** Records follows **
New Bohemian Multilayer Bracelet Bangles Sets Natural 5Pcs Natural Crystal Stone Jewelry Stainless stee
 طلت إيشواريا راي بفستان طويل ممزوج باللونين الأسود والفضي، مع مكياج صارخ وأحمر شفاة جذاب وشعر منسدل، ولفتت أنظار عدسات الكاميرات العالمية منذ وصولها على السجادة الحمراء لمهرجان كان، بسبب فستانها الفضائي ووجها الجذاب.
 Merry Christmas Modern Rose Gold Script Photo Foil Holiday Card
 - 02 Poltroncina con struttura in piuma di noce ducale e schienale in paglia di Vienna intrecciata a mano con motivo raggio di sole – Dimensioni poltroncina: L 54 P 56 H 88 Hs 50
** End of Records **
** Records follows **
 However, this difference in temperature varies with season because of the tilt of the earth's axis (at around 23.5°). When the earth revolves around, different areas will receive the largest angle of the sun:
** End of Records **
** Records follows **
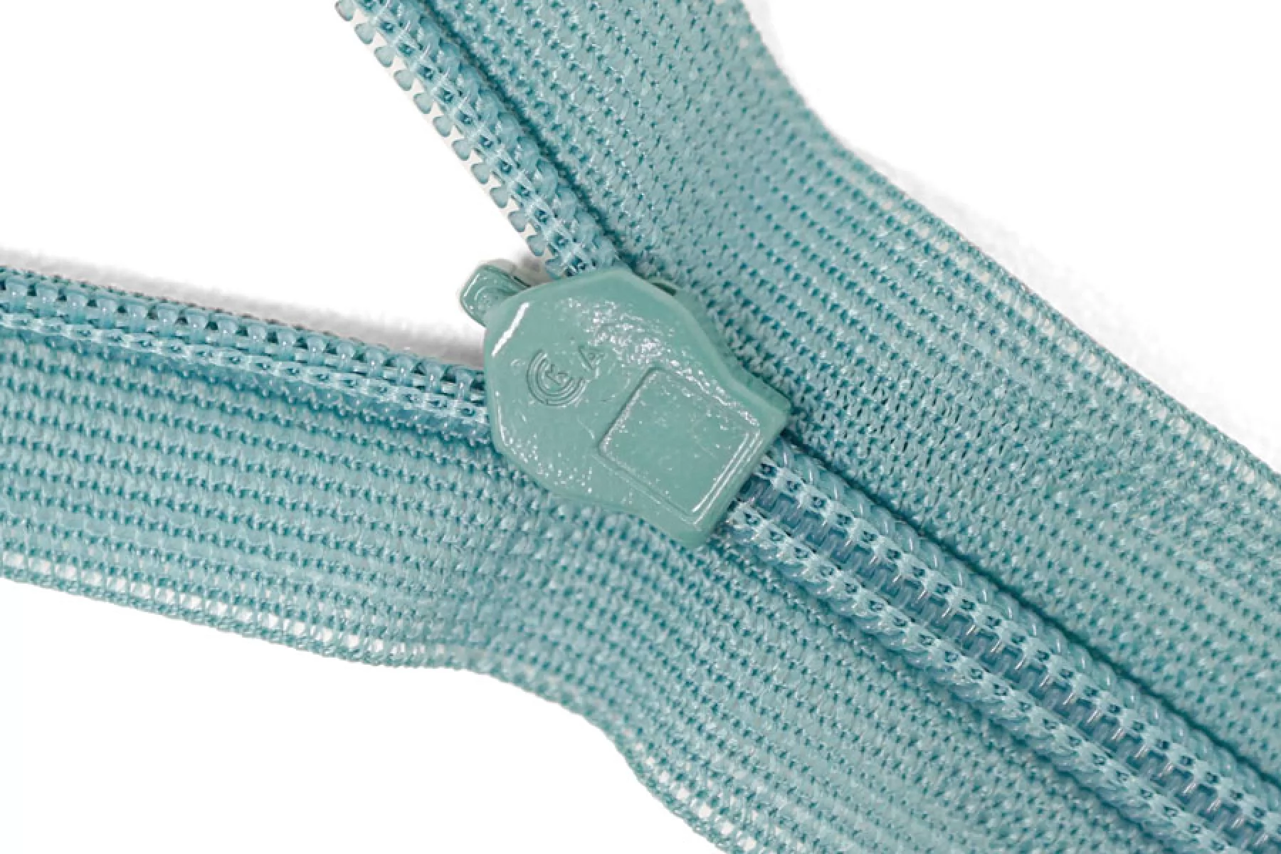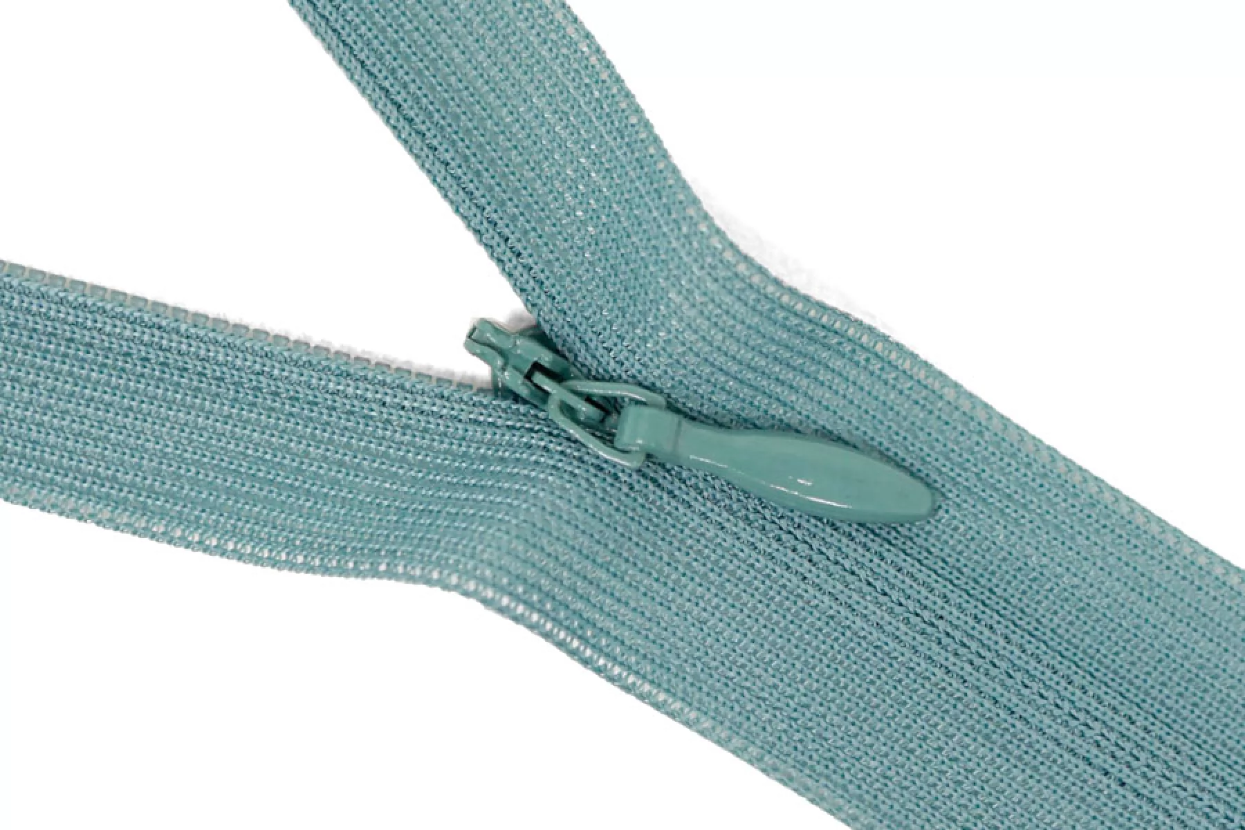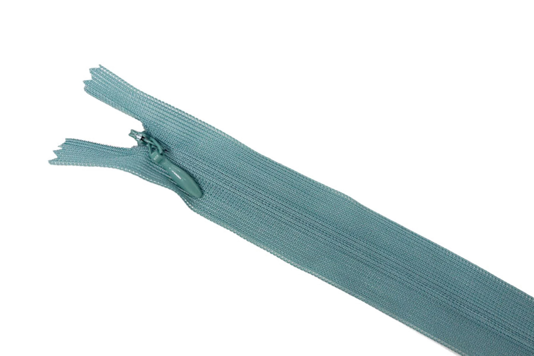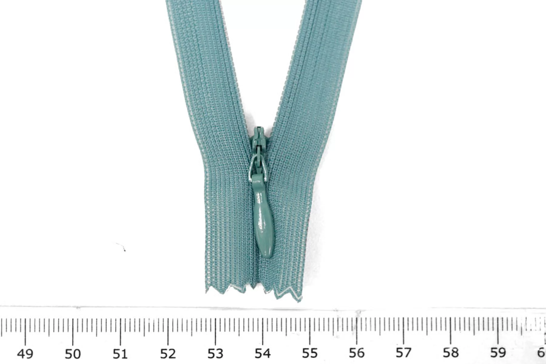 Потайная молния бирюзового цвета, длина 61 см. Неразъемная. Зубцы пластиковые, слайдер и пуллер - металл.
** End of Records **
> **Exercise goal**
Going back to the entries above, set down exactly the lines that begin at the one with "Merry Christmas Modern" and end at the one with "- 02 Poltroncina", both included, and nothing else.

> **Task answer**
 Merry Christmas Modern Rose Gold Script Photo Foil Holiday Card
 - 02 Poltroncina con struttura in piuma di noce ducale e schienale in paglia di Vienna intrecciata a mano con motivo raggio di sole – Dimensioni poltroncina: L 54 P 56 H 88 Hs 50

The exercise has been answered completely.